PROBLEM DESCRIPTION
Leave every image out, and print the remaining lines below exactly.

*** Opening of COLLECTED MATERIAL ***

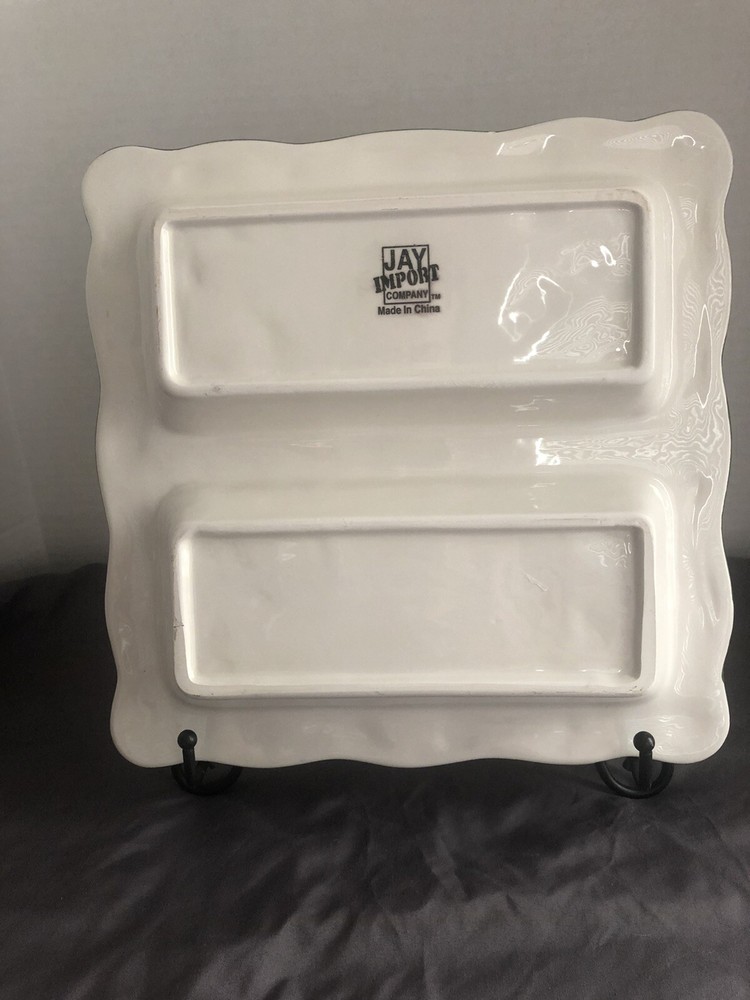 Jay Imports Ceramic 2 Section Serving Tray Rooster Design. **Here for sale is a lovely country or farm style ceramic tray-the features includes roosters abs a floral trim in good condition. Please see...
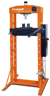 - Mocna spawana rama z perforacją: dzisięciostopniowa regulacja wysokości stołu prasy z bolcami ustalającymi
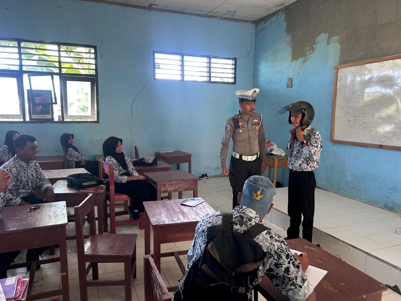 Kegiatan ini dilaksanakan oleh personel Unit Kamseltibcar, yakni Bripka Sarbini dan Bripda M. Eril, yang secara interaktif menyampaikan materi serta mengajak pelajar untuk menjadi pelopor keselamatan berlalu lintas. Antusiasme siswa terlihat tinggi, ditandai dengan sesi tanya jawab yang berlangsung aktif selama kegiatan.
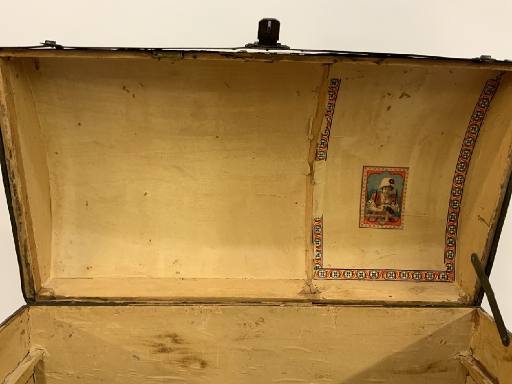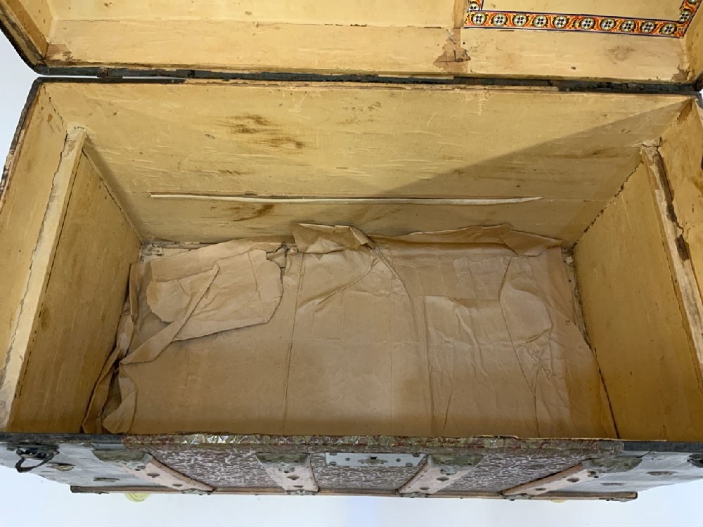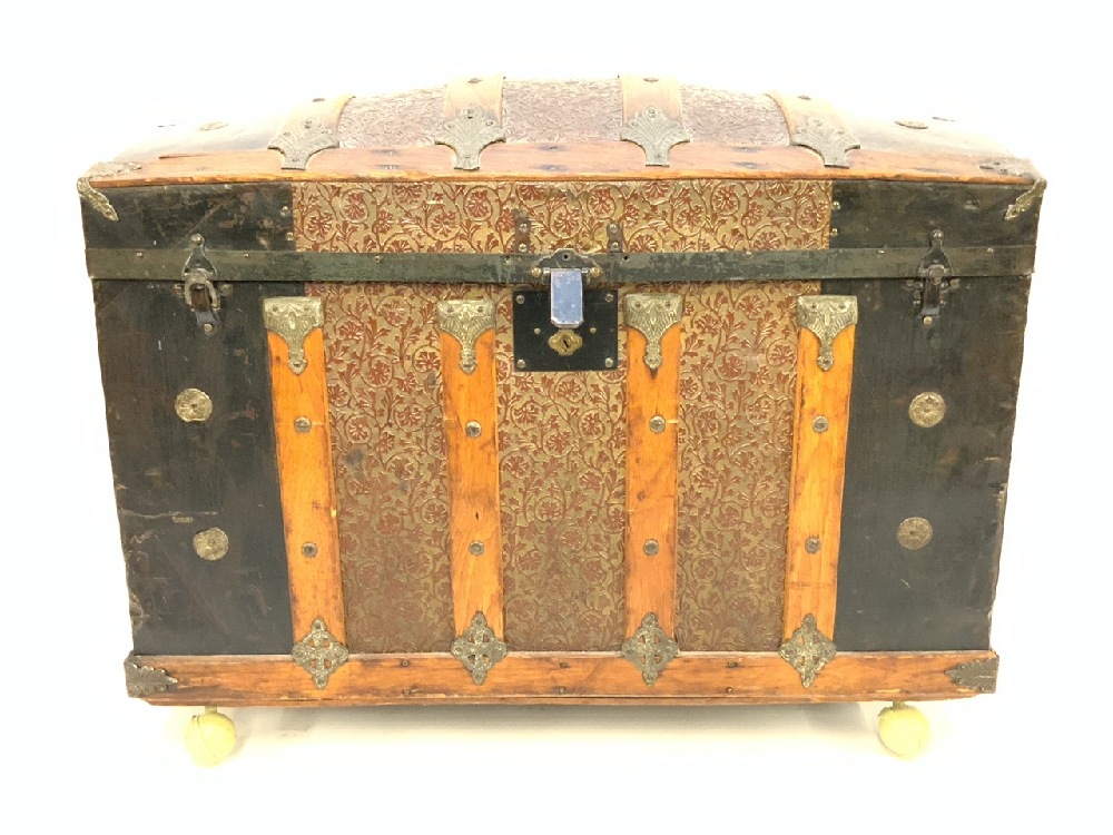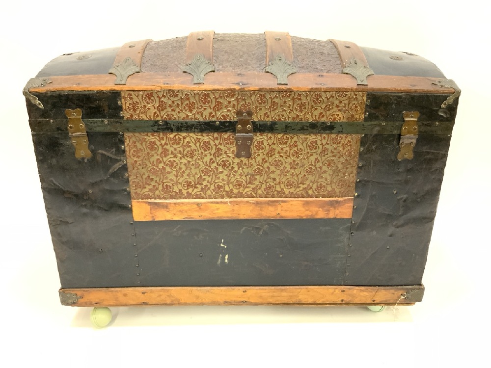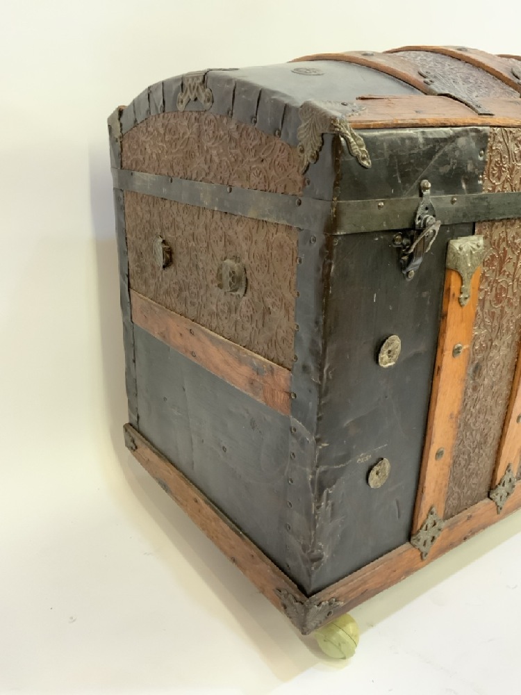 Antique Humpback Trunk With Iron & Brass Fittings on Wheels.

*** Close of COLLECTED MATERIAL ***

RESPONSE AREA
 Jay Imports Ceramic 2 Section Serving Tray Rooster Design. **Here for sale is a lovely country or farm style ceramic tray-the features includes roosters abs a floral trim in good condition. Please see...
 - Mocna spawana rama z perforacją: dzisięciostopniowa regulacja wysokości stołu prasy z bolcami ustalającymi
 Kegiatan ini dilaksanakan oleh personel Unit Kamseltibcar, yakni Bripka Sarbini dan Bripda M. Eril, yang secara interaktif menyampaikan materi serta mengajak pelajar untuk menjadi pelopor keselamatan berlalu lintas. Antusiasme siswa terlihat tinggi, ditandai dengan sesi tanya jawab yang berlangsung aktif selama kegiatan.
 Antique Humpback Trunk With Iron & Brass Fittings on Wheels.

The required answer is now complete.